• TASK OBJECTIVE:
Take the lines from the one containing "Materials : 150" through the end of the material and write them out exactly, omitting pictures.

• GIVEN DATA:
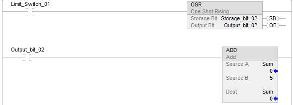 This example shows how an OSR can be used to make one or more instructions edge-triggered. Each time Limit_Switch_01 transitions from false to true the OSR will set Output_bit_02 to true. Any instruction conditioned by Output_bit_02 will be enabled and, since Output_bit_02 is only true for one scan, will execute once per transition.
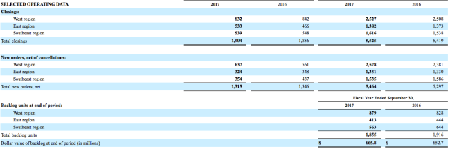 The dollar value of homes in backlog as of September 30, 2017 increased 2.0% to $665.8 million, or 1,855 homes, which compared to $652.7 million, or 1,916 homes, for the same period last year. The decrease in backlog units was more than offset by a 5.4% increase in the average selling price of homes in backlog to $358.9 thousand.
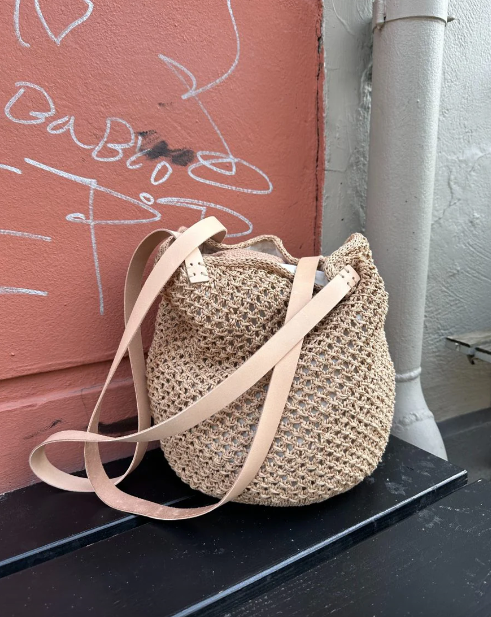 Materials : 150 (200) g Japanese Cotton from Isager Yarn (50 g = 315 m) or 250 (350) g Crealino from Lang Yarns (50 g = 165 m), cotton fabric for lining: 96 x 27 (112 x 30) cm, shoulder straps in core leather: 2 x 94 cm
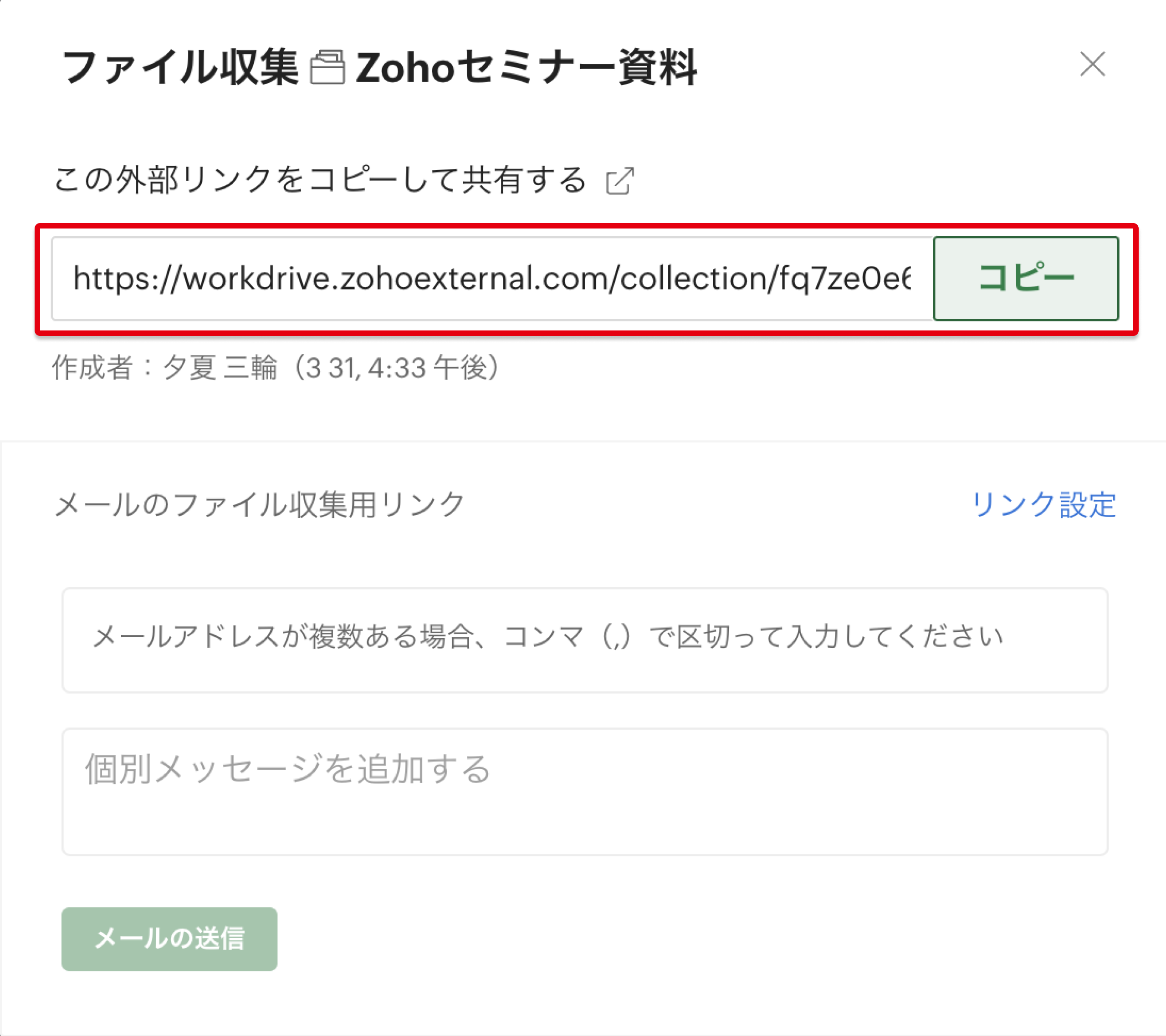 その場合には、ファイル収集用のURLを発行し、先方にURLを送信することで、大容量のファイルも安心して送ってもらえます。

• SOLUTION FOR THIS PROBLEM:
 Materials : 150 (200) g Japanese Cotton from Isager Yarn (50 g = 315 m) or 250 (350) g Crealino from Lang Yarns (50 g = 165 m), cotton fabric for lining: 96 x 27 (112 x 30) cm, shoulder straps in core leather: 2 x 94 cm
 その場合には、ファイル収集用のURLを発行し、先方にURLを送信することで、大容量のファイルも安心して送ってもらえます。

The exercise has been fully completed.